About this task: Without the images, repeat every line of the listing exactly.

Data extract:

▼▼▼

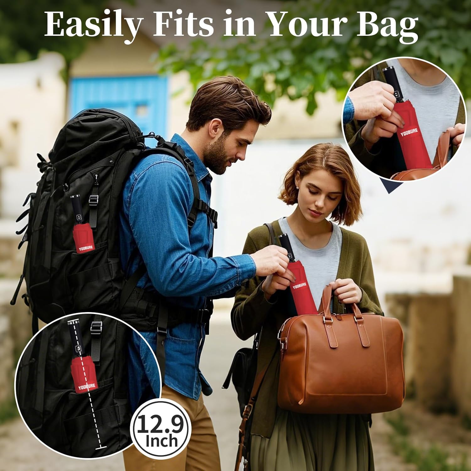 • Windproof & Strong : The travel umbrella compact features 10 aluminum shafts, fiberglass ribs, and high-density fabric to form a solid wind and rain-resistant structure. What's special is that the car umbrella uses an aerodynamic double-vented canopy to significantly enhance the windproof effect and provide reliable shelter.
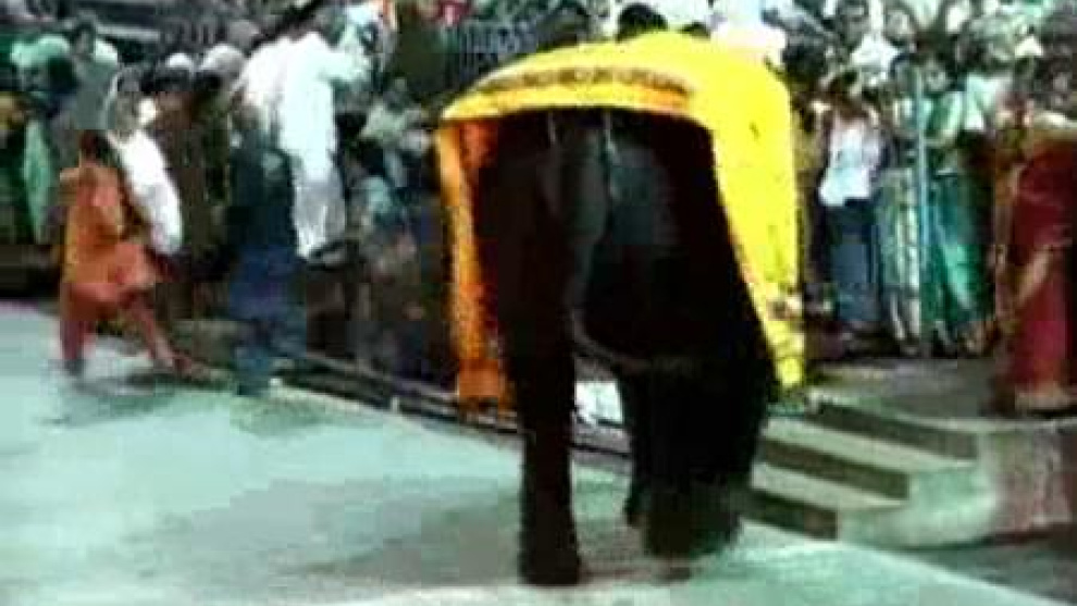 Un elefante ha herido a seis personas que participaban en una ceremonia en Andhra Pradesh, en el sur de La India. El animal emprendió una carrera sin rumbo entre la multitud tras asustarse con el sonido de unas campanas. El paquidermo pudo ser finalmente calmado por varias personas.
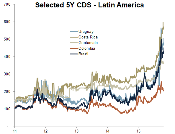 The strength in 2015 remains in services, particularly US services. As we approach the end of 2015, leading indicators for the US have weakened whilst they have improved in China and Europe. Maybe then we are going to see another rotation in outperformance, keeping the global economy and equities supported. Or maybe the negative feedback looping is now too entrenched. If the US dollar is now kicking off a new leg higher then we are likely in for more trouble, so something to watch.

▲▲▲

Task answer:
 • Windproof & Strong : The travel umbrella compact features 10 aluminum shafts, fiberglass ribs, and high-density fabric to form a solid wind and rain-resistant structure. What's special is that the car umbrella uses an aerodynamic double-vented canopy to significantly enhance the windproof effect and provide reliable shelter.
 Un elefante ha herido a seis personas que participaban en una ceremonia en Andhra Pradesh, en el sur de La India. El animal emprendió una carrera sin rumbo entre la multitud tras asustarse con el sonido de unas campanas. El paquidermo pudo ser finalmente calmado por varias personas.
 The strength in 2015 remains in services, particularly US services. As we approach the end of 2015, leading indicators for the US have weakened whilst they have improved in China and Europe. Maybe then we are going to see another rotation in outperformance, keeping the global economy and equities supported. Or maybe the negative feedback looping is now too entrenched. If the US dollar is now kicking off a new leg higher then we are likely in for more trouble, so something to watch.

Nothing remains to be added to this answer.